Una de las debilidades de España se deriva de una posición internacional deficitaria

 

“Creemos que las empresas internacionalizadas son más productivas, tienen mejor acceso a la financiación, son más flexibles, invierten más fuerte”, sentencia Steinberg.

En cualquier caso, ha recalcado también que “no se trata de que España se tenga de que convertir en China o Alemania”, sino que “una de las debilidades de España se deriva de una posición internacional deficitaria”.

Con respecto a las recomendaciones expuestas en el Índice, el secretario de Estado de Comercio, Jaime García-Legaz, ha señalado que en España un 0,5% de las empresas son grandes empresas, pero que en el principal socio comercial español, Alemania, el porcentaje es del 3%.

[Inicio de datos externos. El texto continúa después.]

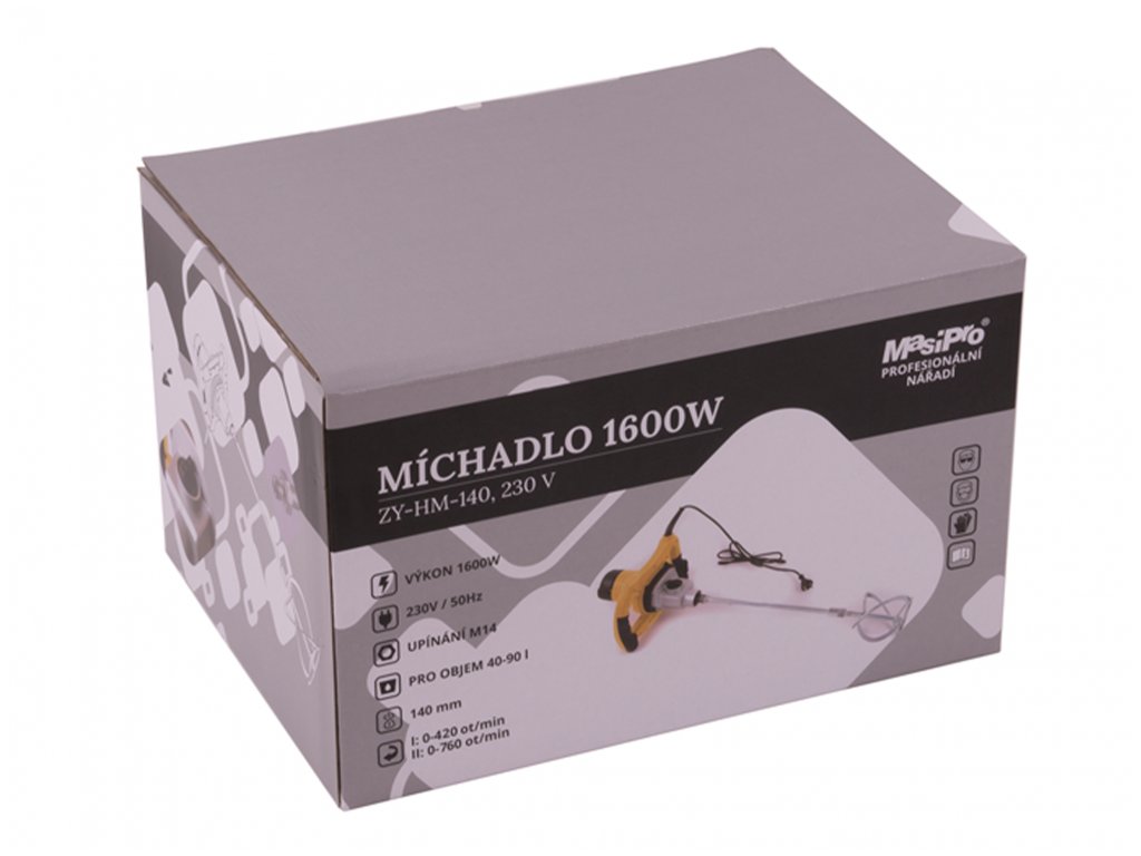 Míchadlo MasiPro ZY-HM-140 s výkonem 1600 W je unikátní pomocník, který si snadno poradí se všemi druhy materiálů jakou jsou například suché malty, sádrové směsi či lepidla na obklady. Míchadlo má velké ergonomické madlo s dobrou dosažitelností ovládacích prvků. Velká upínací matice M14 je součástí balení a je velice důležitá pro účinný přenos sil a rovněž umožňuje snadnou výměnu nástroje. Součástí balení jsou také dvě kvalitní spirálové míchací metly o průměru 140 mm.

“Eso es una diferencia radical que tiene consecuencias”, indica, antes de puntualizar, por otra parte, que la empresa grande española que exporta “lo hace tanto o más que la alemana”.

El co-autor del trabajo, el Dr. García-Legaz ha destacado también que la depreciación del euro es un “factor importante” para la recuperación de la economía española.

Por último, el secretario de Estado ha dicho que la bajada de los precios del petróleo va a mejorar la relación de intercambio de España, un país netamente importador de petróleo. “Lo único que cabría esperar es que esta rebaja se mantuviera en el tiempo”, ha añadido.